TTK’nın 732/1. Maddesinde zaman aşımı veya çekin süresinde bankaya ibraz edilmemesi nedeniyle çekten doğan yükümlülükleri düşmüş olsa bile keşidecinin hamile karşı sebepsiz zenginleşme nedeniyle borçlu kalacağı düzenlenmiştir. TTK 732/4 maddesine göre ispat külfetinin sebepsiz zenginleşmediğini iddia eden davacı tarafa ait olduğu anlaşılmıştır.

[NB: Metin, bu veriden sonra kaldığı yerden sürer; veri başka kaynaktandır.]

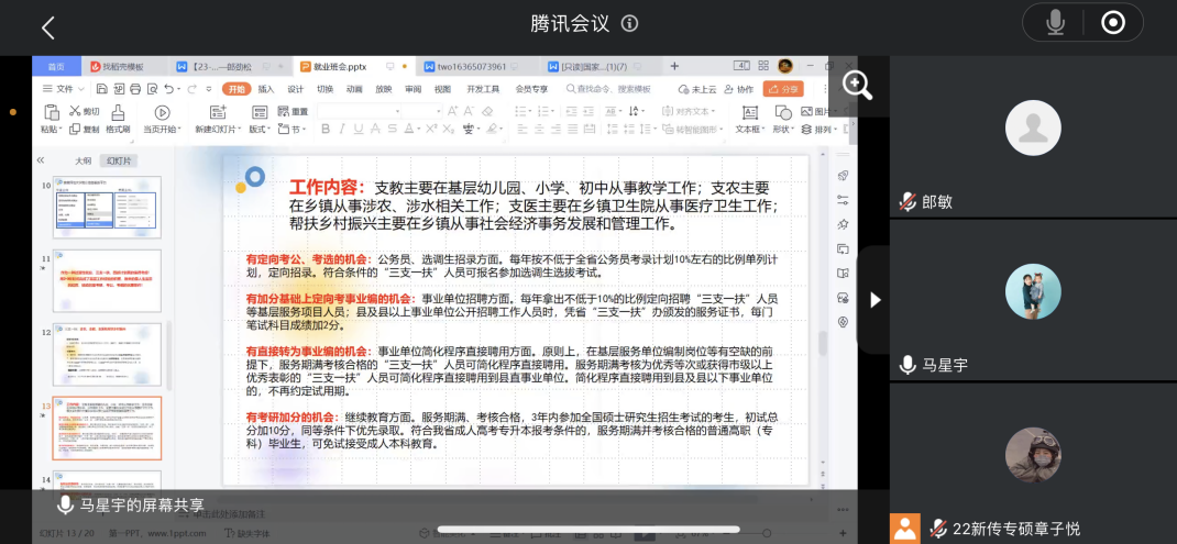 随后,马星宇为同学们提供了几种落实就业去向的方式,包括:三方就业协议、劳动合同、就业证明函、自由职业,并说明了每种就业去向的特点以及与其他去向的差别,鼓励同学们们积极就业。马星宇重点与同学们讨论了近期体制内的就业新选择,他认为:作为一种过渡性就业,“三扶一支”、“西部计划”十分值得考虑。“用2-3年时间完成了基层工作的经验,换来的是人生宝贵的经历,撬动的是考研、考公、考编的优惠条件!”马星宇说道。当前,国家越来越注重基层经验,如果说读研是接受学校的进一步教育,参加“三扶一支”、“西部计划”,实际上也是在接受祖国的挑选、经历的是社会课堂的教育。接受教育的同时,“三支一扶”能够拥有定向考研、考公的机会,有直接转为事业编的机会,更有创业优惠政策、获得大学学费补偿的机会。他表示,“三扶一支”、“西部计划”都是面向祖国最需要的地方和基层就业,于人生而言是一场难得的经历,对于更好地认识国情民情社情,增进对祖国传统文化的了解大有益处;在基层与群众直接打交道,也更能磨砺自己的性情,增强自己的本领。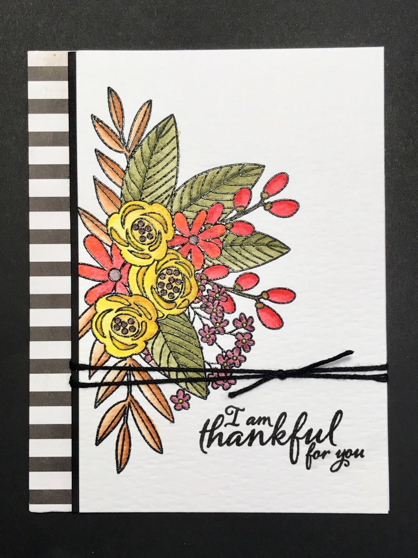To turn my watercolor piece into a card, I cut down the focal image to be 5.5” by 3.25”. I used items that came in the Simons Says Stamps June 2017 Blissful kit: the stripes pattern paper and the black color cardstock. In addition, I stamped the sentiment from the Painted Harvest Stampin Up set in VersaFine Black ink and added some black twine. See the final card below:

Davacının TTK 732/4 maddesine göre sebepsiz zenginleşmediğini ispat etmesi gerektiği, bunun da ancak çek bedelini ödediğini ispat ederek olabileceği, dosya kapsamına göre çek bedelinin ödendiği yönünde bilgi ve belgenin olmadığı, sonuç olarak asıl alacak yönünden davanın reddine karar verilmiştir. Takip dosyasındaki faiz talebi yönünden ise dava kabul edilerek; Davanın Kısmen Kabulü ile; davacının Bakırköy…. İcra Müdürlüğünün … esas sayılı dosyasında 11.539,73TL yönünden borçlu olmadığının tespitine, şartları oluşmadığından kötü niyet tazminat talebinin reddine dair aşağıdaki şekilde hüküm kurulmuştur.

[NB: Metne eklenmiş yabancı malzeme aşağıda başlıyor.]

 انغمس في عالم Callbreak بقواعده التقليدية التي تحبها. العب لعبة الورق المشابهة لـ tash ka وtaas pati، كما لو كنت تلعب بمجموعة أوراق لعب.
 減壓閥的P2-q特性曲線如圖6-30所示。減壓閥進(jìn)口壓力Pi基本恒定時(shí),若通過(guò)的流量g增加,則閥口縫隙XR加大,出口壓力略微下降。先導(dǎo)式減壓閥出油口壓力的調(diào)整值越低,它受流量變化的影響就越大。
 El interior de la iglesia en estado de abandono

HÜKÜM :Gerekçesi yukarıda açıklandığı üzere;
1-Davanın Kısmen Kabulü ile; davacının Bakırköy …. İcra Müdürlüğünün … esas sayılı dosyasında 11.539,73TL yönünden borçlu olmadığının tespitine, fazlaya ilişkin talebin reddine,
2-Şartlar oluşmadığından kötü niyet tazminat talebinin reddine,
3-Harçlar Kanunu’na göre belirlenen 788,27TL ilam harcından peşin alınan 709,40TL harcın mahsubu ile bakiye 78,87TL’nin davalıdan alınarak Hazine’ye gelir kaydedilmesine,
4-Davacı tarafından sarf edilen 59,30TL Başvuru Harcı, 709,40TL Peşin Harç olmak üzere toplam 768,70TL’nin davalıdan alınarak davacıya verilmesine,
5-6102 sayılı Türk Ticaret Kanununa göre alınan 1.320,00TL arabulucu ücretinin kabul red oranına göre hesaplanan 366,70TL’nin davalıdan alınarak Hazineye İrat kaydedilmesine,
6-6102 sayılı Türk Ticaret Kanununa göre alınan 1.320,00TL arabulucu ücretinin kabul red oranına göre hesaplanan 953,30TL’nin davacıdan alınarak Hazineye İrat kaydedilmesine,
7-Davacı tarafından sarf edilen 900,00TL bilirkişi ücreti, 33,75TL posta masrafı olmak üzere toplam 933,75TL den kabul red oranına göre hesaplanan 259,40TL’nin davalıdan alınarak davacıya verilmesine, kalan kısmın iş bu davacı üzerine bırakılmasına,
8-Davacı kendisini vekil ile temsil ettirdiğinden karar tarihinde yürürlükte bulunan Avukatlık Asgari Ücret Tarifesine göre hesaplanan 9.200,00TL vekalet ücretinin davalıdan alınarak kendisini vekille temsil ettiren davacıya verilmesine,
9-Davalı kendisini vekil ile temsil ettirdiğinden karar tarihinde yürürlükte bulunan Avukatlık Asgari Ücret Tarifesine göre hesaplanan 9.200,00TL vekalet ücretinin davacıdan alınarak kendisini vekille temsil ettiren davalıya verilmesine,
10-HMK’nın 333. maddesi gereğince hükmün kesinleşmesinden sonra artan avansın taraflara iadesine,
Dair, davacı vekilinin yüzüne karşı davalının yokluğunda gerekçeli kararın tebliğ tarihinden itibaren iki hafta içerisinde İstanbul Bölge Adliye Mahkemesi İSTİNAF yolu açık olmak üzere verilen karar açıkça okunup usulen anlatıldı.30/03/2023

Katip …
¸e-imzalıdır

Hakim …
¸e-imzalıdır

*Bu belge 5070 sayılı Elektronik İmza Kanunu kapsamında e-imza ile imzalanmıştır.